だって好きな人で好きな事を楽しめたら良いと思うじゃない。例えば、恋人とショッピング、恋人とドライブ、恋人とゲーム。フェイタンの場合はそれが拷問というだけのこと。そりゃちょっと痛いかも知れないけれどフェイタンが楽しいならまあ我慢してやってもいいかなと思っちゃうのが女というもの。
「まあ、いいよ。やってみよ」
私は二つ返事で了承した。合意の上の拷問というやつだ。そんなの聞いたことないけれど。行き過ぎたエスエムってか。

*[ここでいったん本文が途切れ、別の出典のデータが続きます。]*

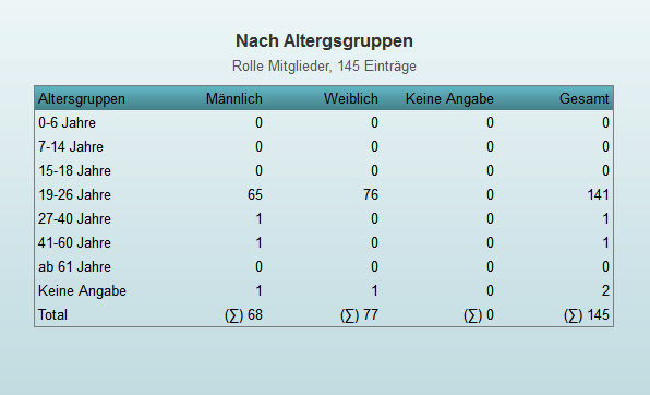 Mit diesem Plugin können frei konfigurierbare Statistiken über Profilfeldinhalte und Rollen erstellt werden. Dazu wird einmalig eine Statistik (ähnlich der eigenen Liste) konfiguriert und abgespeichert. Später kann diese vorkonfigurierte Statistik dann beliebig oft aufgerufen werden. Die aus einer Konfiguration erstellte Statistik, kann danach von berechtigten Mitgliedern eingesehen werden.
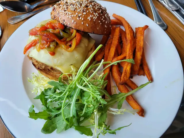磨菇芝麻漢堡搭油浸甜椒和雜菜沙律配蛋王醬,此款是素食菜式,漢堡份量、材料十足,甜椒口感像炸薯,對素食者來說十分貼心,讚
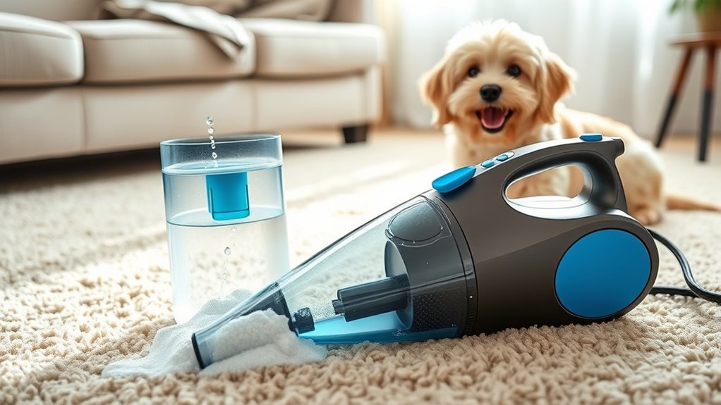 Have you considered how tank capacity impacts your cleaning efficiency? A larger tank means you can clean longer without stopping to refill, which is especially helpful for pet messes that tend to be widespread. Portable carpet cleaners usually have tanks between 0.8L and 2L; choosing a higher capacity means less interruption and more thorough cleaning. Dual tank systems, which separate clean and dirty water, help maintain suction power and ensure consistent results. Keep in mind, bigger tanks add weight and can make the device less maneuverable when full. Smaller tanks require more frequent stops, which can slow down your cleaning process. Balancing tank size with ease of handling is key to making your cleaning sessions more efficient and less frustrating.
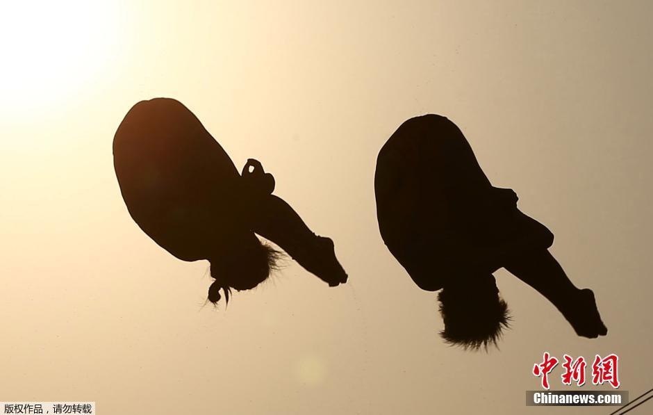 當(dāng)?shù)貢r(shí)間8月9日,2016里約奧運(yùn)跳水女子雙人十米臺(tái),中國(guó)選手陳若琳/劉惠瑕以354.00分獲得冠軍。圖為中國(guó)選手陳若琳/劉惠瑕在賽前熱身。
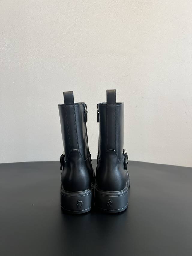 批牛京 牛皮 代购级 Sw25 复古摩登尖头短靴 鞋身带有金属扣饰的皮带设计,增添了朋克与复古的风格元素;配备侧边拉链,穿脱方便;采用厚底粗跟,在提升身高的同时,保证了行走的稳定性,风格偏向于复古机车风与休闲风的结合。 与卡其色或棕色系的半身裙、A字裙搭配,上衣搭配同色系的毛衣或针织衫,营造复古温柔的秋冬穿搭;也可与黑色紧身裤搭配,上衣选择灰色大衣,展现复古与高级感并存的风格。 鞋面:牛反绒 牛皮 内里:羊皮 大底:Ip发泡大底 Size:35-40 40定制不退换
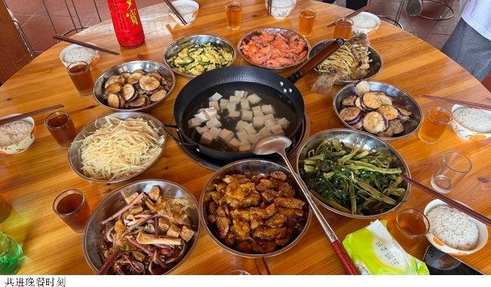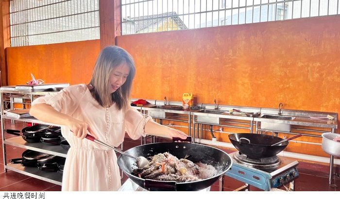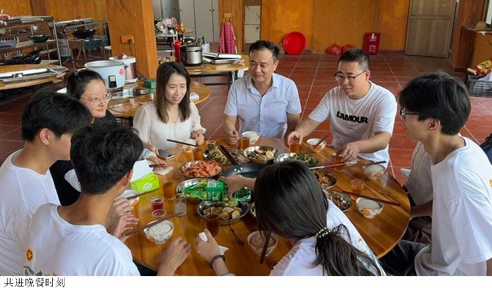 傍晚的厨房,油烟酱醋,香气满厨。队员们熟练地洗菜、切菜、烹饪,每一个动作都充满了对生活的热爱。陈爱霞副经理亲自为各位下厨做盐焗虾,食材在锅中翻滚,散发出诱人的香气。晚餐的制作,是对一天辛苦的慰藉。在这温暖的时刻,大家忘却了疲惫,心中满是对彼此的关怀。不一会儿,一桌丰盛的晚餐呈现在眼前,那是忙碌后最美的犒赏,也是团队凝聚力的见证。
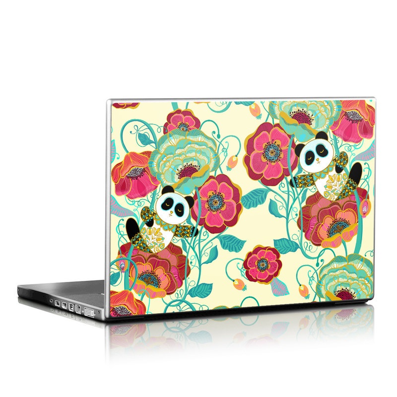 iStyles Universal Fit Laptop Skin design of Plant, Product, Green, Botany, Art, Flower, Pink, Rectangle, Red, Aqua, with white, red, pink, yellow, green, blue, black colors, and tagged with patterns, flowers, animals, objects, people, golden, pandas, flowers, garden.
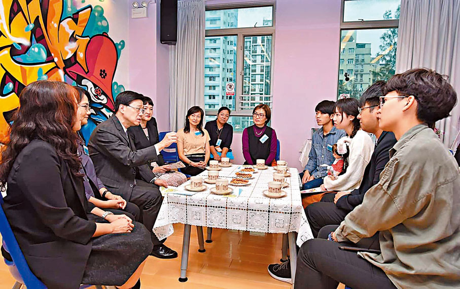 2018年,李家超到访东华三院屯门综合服务中心,聆听青年的分享。 资料图片
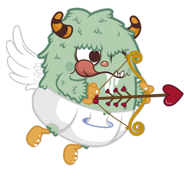 Cornelio, a cute green monster resembling Cupid, winks and sticks out its tongue while holding a heart-tipped bow and arrow for Valentine's Day.
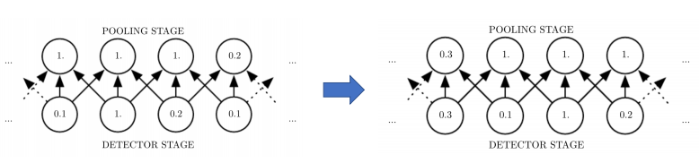 pooling의 성질은 Invariant to small translations of the input 가 있다. 이말은 input에 약간의 translation을 주어도 변하지 않는 다는 말이다. 예를 들어 아래의 그림 중 왼쪽을 보면, kernel이 3인 것에 대해서 1 dimension으로 pooling한다. 그러므로 3 개 중에 하나를 뽑은게 되는 것이다. 그리고 input이 오른쪽 처럼 한칸씩 shift되었다고 해보자. 여기서 shift는 translation 했다고 한다. 자, small translation이 발생했다. 이상태에서 pooling을 해보면 왼쪽, 오른쪽 모두 pooling stage 부분에 가운데 두개의 노드는 translation(여기선 shift)했음에도 값의 변화가 없는 것을 볼 수 있다. 왜냐하면 어차피 pooling이라는 것은 local영역에서 대푯값을 뽑는거기 때문에 window상에서 움직여봤자 invariant하게 된다.

フェイタンはやはり笑みを深くして、ベッドに座る私の前に座り、枷を嵌めた。冷たく重い枷は私の手首に回り、少しずつ少しずつ腕を締め上げていく。
「……あ、やっぱりいたいなあ」
腕を強く締め上げる冷たい鉄枷に、顔を顰めてぽつりと私は呟いた。胸の前で両腕を拘束され螺を締めるに従ってキリキリと皮膚を捻り上げる。でもそれが彼から与えられる痛みならば赦せるし、嬉しいし、それでも全然いいとも思った。しかし私はマゾヒスティックではないので痛いものは痛いと思うし、痛いと顔がムッとしてしまうのも当たり前の事だ。
「…………。」
目の前のフェイタンは私の一言で鉄枷を締める手を無言で止めた。彼の顔を見ると、彼はなんとも言えない表情をしていた。無表情だけど、その眉と目尻は何故か垂れ下がり溜め息でも吐きそうな顔だった。つまり、楽しくなさそうな雰囲気だ。
「痛いか」
「まあそれなりに」
フェイタンからの問いに素直に頷いたが、「でも大丈夫」と続けて返事した。痛いか、と確認してくるのはまだ続けてもいいか、と聞きたいのだと思った。心配なんてきっとさほどしていない。痛みを操り与える側の彼が、この鉄枷を締めるとどれだけの苦しみがあるのか理解していない筈がないから。それにさせてくれと求めたのはフェイタンだ。
「……痛いか」
フェイタンは、何故かもう一度その一言を呟いた。その一言は、今度はまるで独り言のように聞こえた。え?と私は素っ頓狂な声を上げてまた彼を伺う。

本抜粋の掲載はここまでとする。